Mexican horror is commonly associated with masked wrestlers battling rubber monsters, but carries an altogether subtler strain embodied in the films of writer-producer-director Carlos Enrique Taboada. Taboada began his career writing B pictures with vampires and such but later developed his own distinctive voice in low-budget genre fare. Movies like Even the Wind is Afraid (1968), The Stone Book (1968) and Blacker Than Night (1974) evoked chills through atmosphere and strong performances rather than cheap monster masks. His final film, Veneno paras las hadas (Poison for the Fairies) was possibly his most potent, trading the supernatural subject matter of his early offerings for more potent psychological terror laced the elements of childhood fantasy that left a lasting impression on one of Taboada’s biggest admirers: Guillermo Del Toro.
A sepia toned prologue follows a creepy little girl, actually a witch in disguise, who slits a woman’s throat as bright red blood splatters the floor. This turns out to be a story told to entertain wide-eyed, little Veronica (Ana Patricia Rojo), whose imagination is fired by tales of witches, fairies and ghosts. “Witches can do anything”, the family housemaid tells her. After the opening credits roll over the unsettling image of a young girl slowly morphing into a cackling old crone, the story proper finds Flavia (Elsa Maria Gutiérrez), a meek and trusting little girl from a wealthy family, enrol at the girls’ school where she is befriended by Veronica.
Convinced Veronica is a witch in disguise, thanks to a trick she employs posing her grandmother as her true form, Flavia innocently asks whether she can help her avoid taking piano lessons.

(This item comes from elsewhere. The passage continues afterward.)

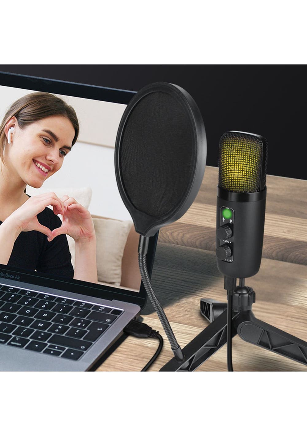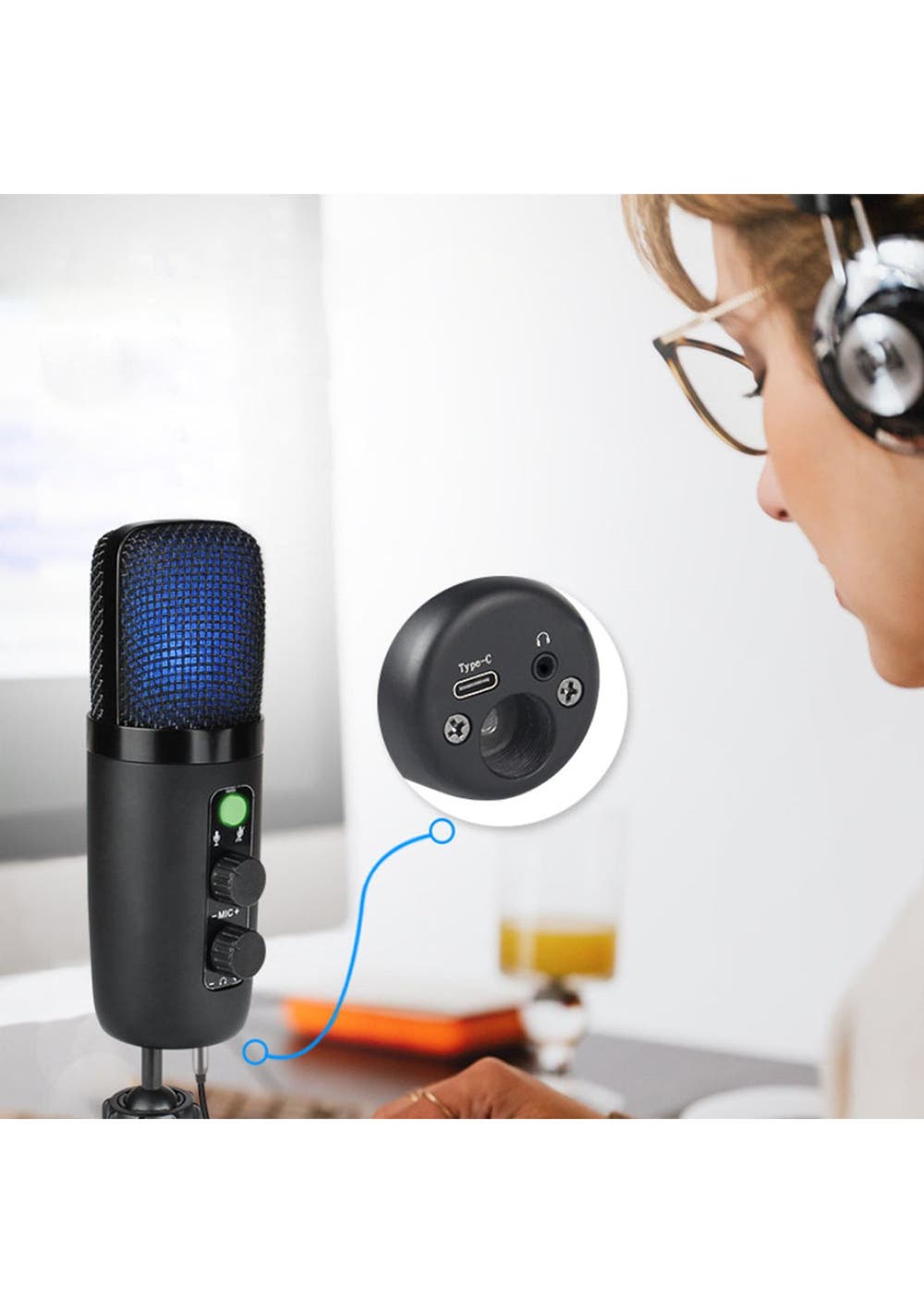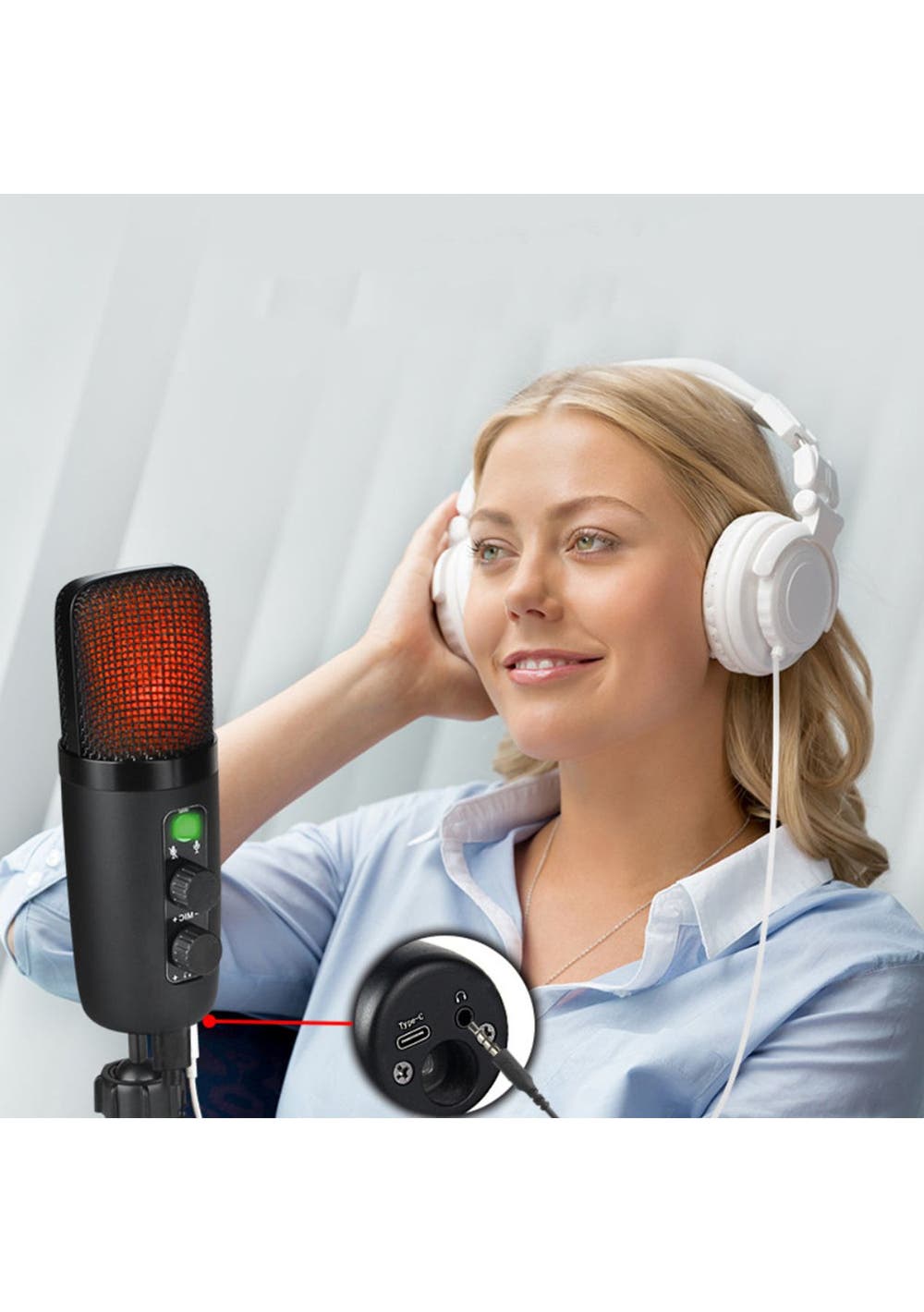 Product Description: This condenser microphone is compatible with mobile phones. You can conveniently enjoy recording songs on your iPhone and phones with a type C port. This condenser microphone is compatible with Windows, MAC OS, IOS, Android, and PS4. It can also be used for iPad and tablets with a USB-C port. The mic podcast equipment is driver-free and plug-and-play design, you don t have to install any software or complex settings. (Note: not compatible with Xbox)The mic is specially designed for radio studios, dubbing, podcasting, recording, gaming, MSN, Skype, and conference chatting. Cardioid polar pattern condenser microphone for computer captures your voice properly; producing clear smooth and crisp sound without static noise.A premium construction design podcast microphone with a stable tripod stand is convenient when you are doing voice-over or live streaming. It is easy to adjust, and you just need to unfold the tripod and attach it to the microphone.The the180-degree flexible design allows you to adjust the best angle. The high-quality foam windscreen prevents popping, improves vocal recording quality. The microphone is very light and small, which is good for your home or travel.?Product Specification:Color: BlackMaterial: Aluminum AlloySize: 15x9x45mm Weight: 270gFunction: Condenser MicrophoneConnection port: Type-C interfaceOutput interface: USB interfaceListening interface: 3.5MM diameter?Package Inclusion:1x Microphone1x Conversion Screw1x Type C cable 1x Desktop Stand1x Blow Prevention Net 1x Manual

Veronica extracts a drop of blood and invokes Satan in a bogus black magic ritual. Whereupon Flavia’s piano teacher drops dead, actually from a stroke but the child suspects otherwise. Now Veronica has a hold on Flavia. She helps herself to Flavia’s toys and makes her take the blame for pranks she plays at school, but the friendship that blooms between the two seems genuine. That is until the pair are caught concocting a poison made from snakeskin, toadstools, live frogs and cemetery soil and Flavia reveals their “secret” to her father, thus angering Veronica.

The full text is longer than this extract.